* **INPUT DATA**:
---*---
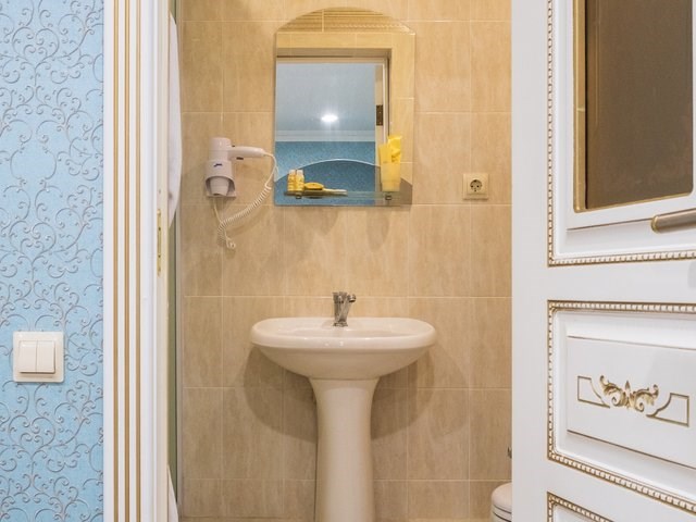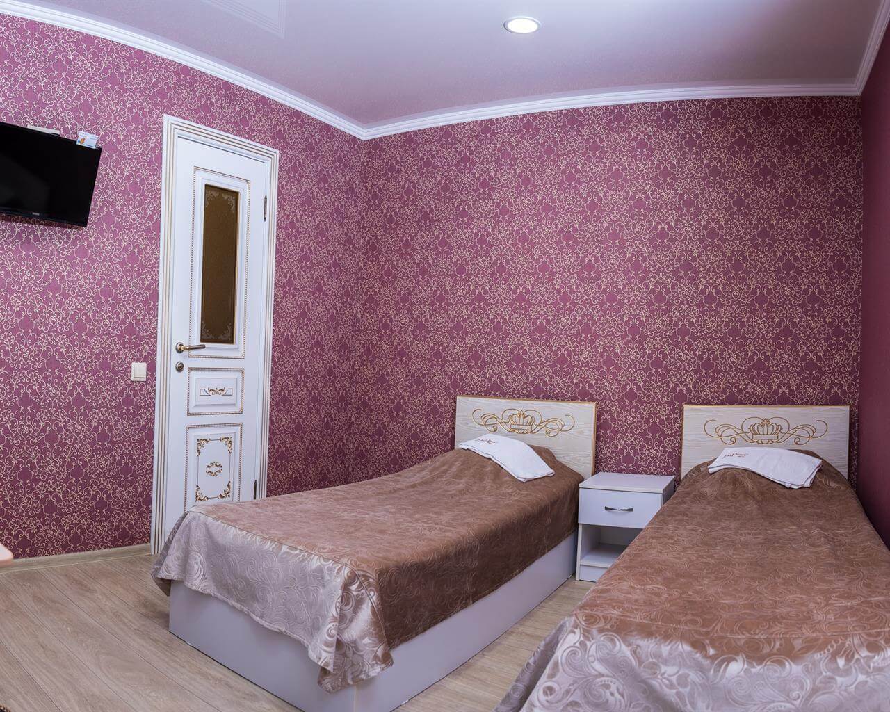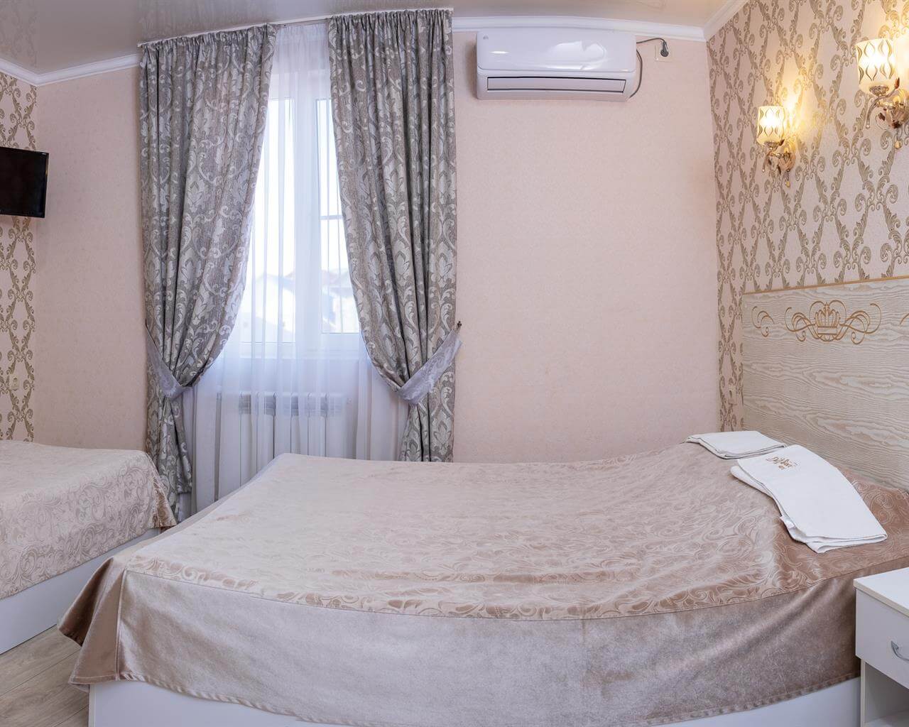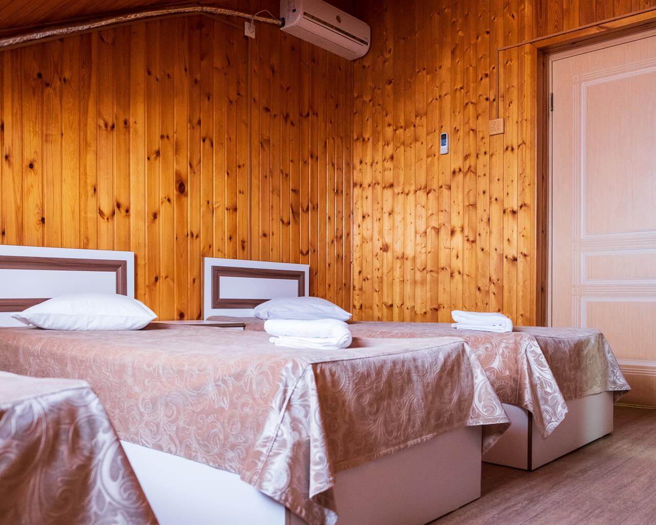 Однокомнатный номер с тремя односпальными кроватями. В числе удобств кабельное телевидение, кондиционер, мини-холодильник. Ванная комната оборудована душем, туалетными принадлежностями, феном.
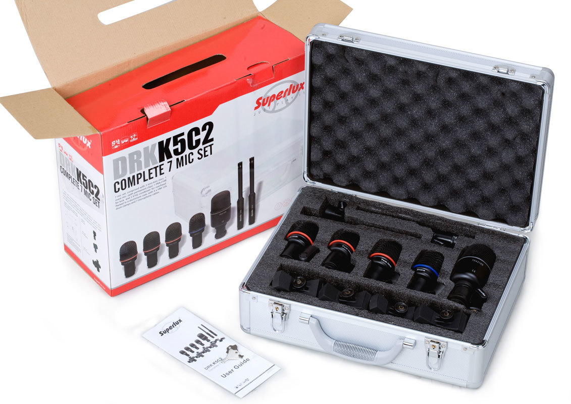 Superlux DRKK5C2 - это набор из семи профессиональных микрофонов для подзвучки ударной установки. Эти высококачественные микрофоны можно также использовать с множеством других инструментов, например, со струнными и духовыми.
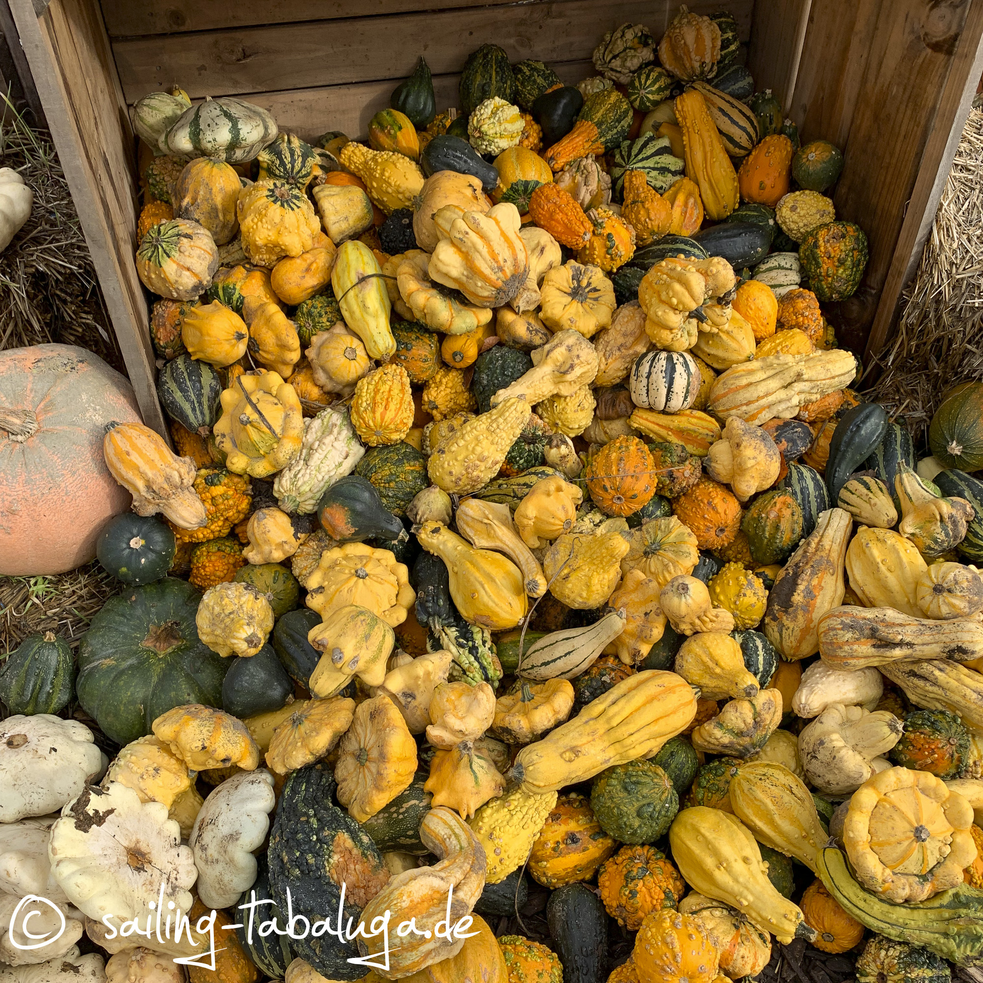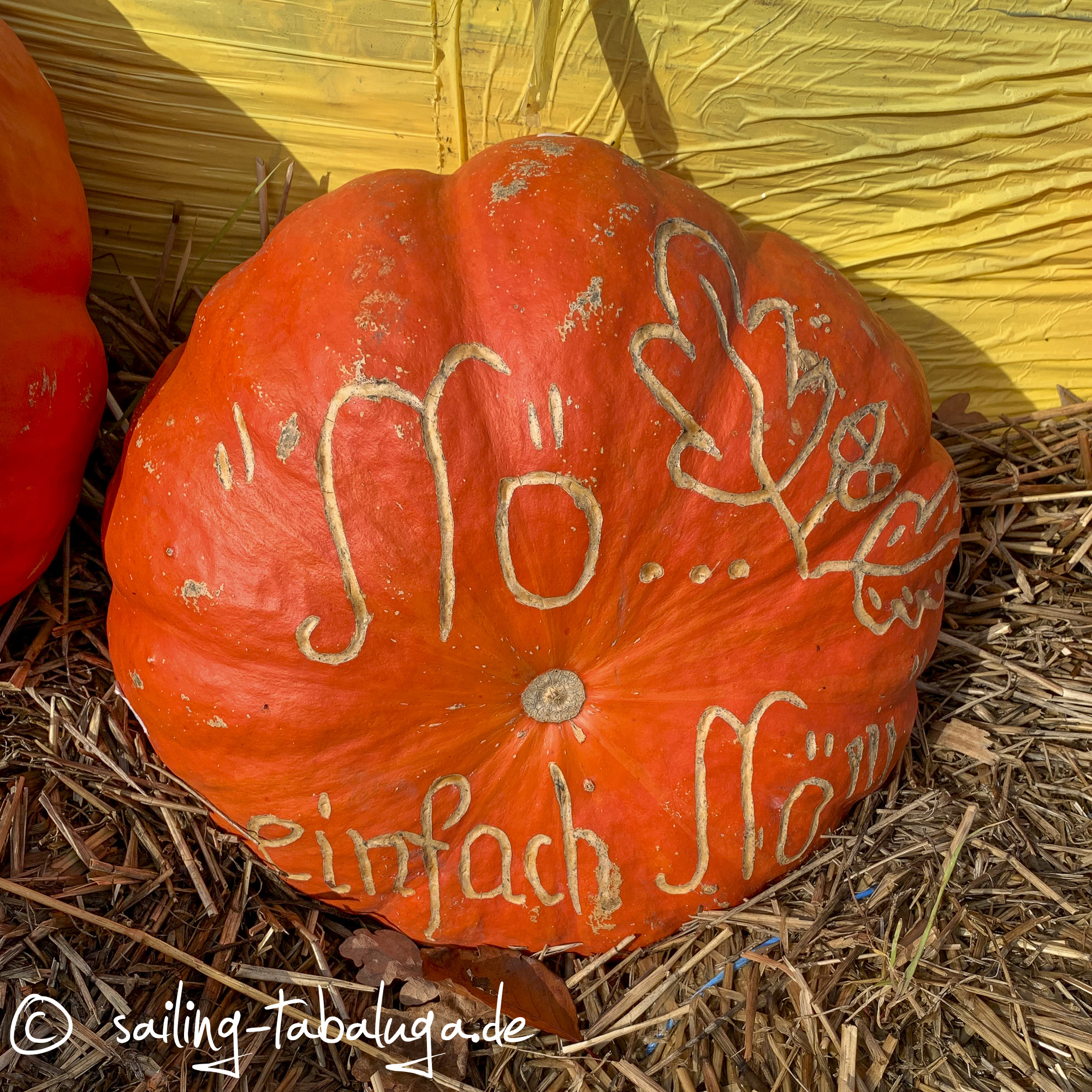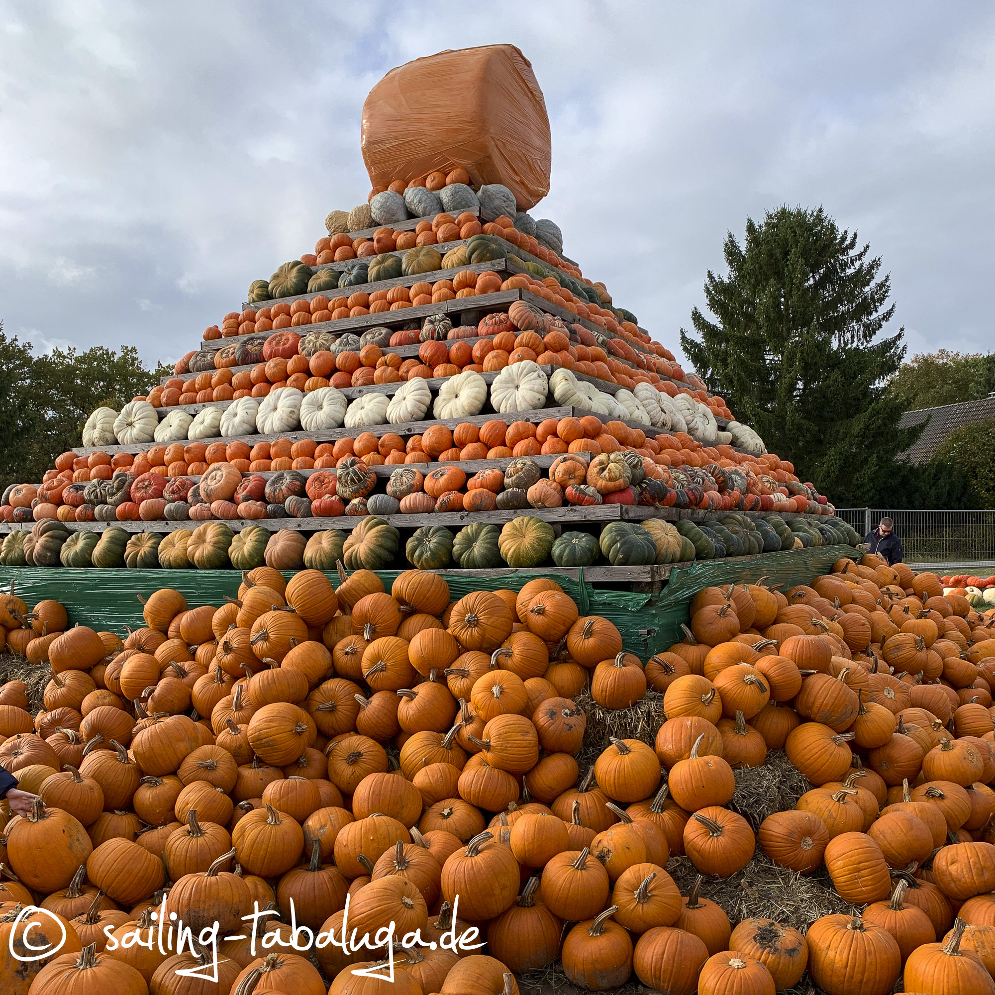 Auf dem Weg nach Stade kommen wir an einem Hof vorbei, auf dem jedes Jahr im Herbst hunderte, eher tausende Kürbisse zu Kunstwerken zusammen gestellt werden. Eine essbare Farbenpracht, reichlich Besucher erfreuen sich an diesem Anblick.
---*---
* **TASK INSTRUCTIONS**: Images are to be skipped, and each line above is to be returned exactly.

* **SOLUTION TO THIS TASK**:
 Однокомнатный номер с тремя односпальными кроватями. В числе удобств кабельное телевидение, кондиционер, мини-холодильник. Ванная комната оборудована душем, туалетными принадлежностями, феном.
 Superlux DRKK5C2 - это набор из семи профессиональных микрофонов для подзвучки ударной установки. Эти высококачественные микрофоны можно также использовать с множеством других инструментов, например, со струнными и духовыми.
 Auf dem Weg nach Stade kommen wir an einem Hof vorbei, auf dem jedes Jahr im Herbst hunderte, eher tausende Kürbisse zu Kunstwerken zusammen gestellt werden. Eine essbare Farbenpracht, reichlich Besucher erfreuen sich an diesem Anblick.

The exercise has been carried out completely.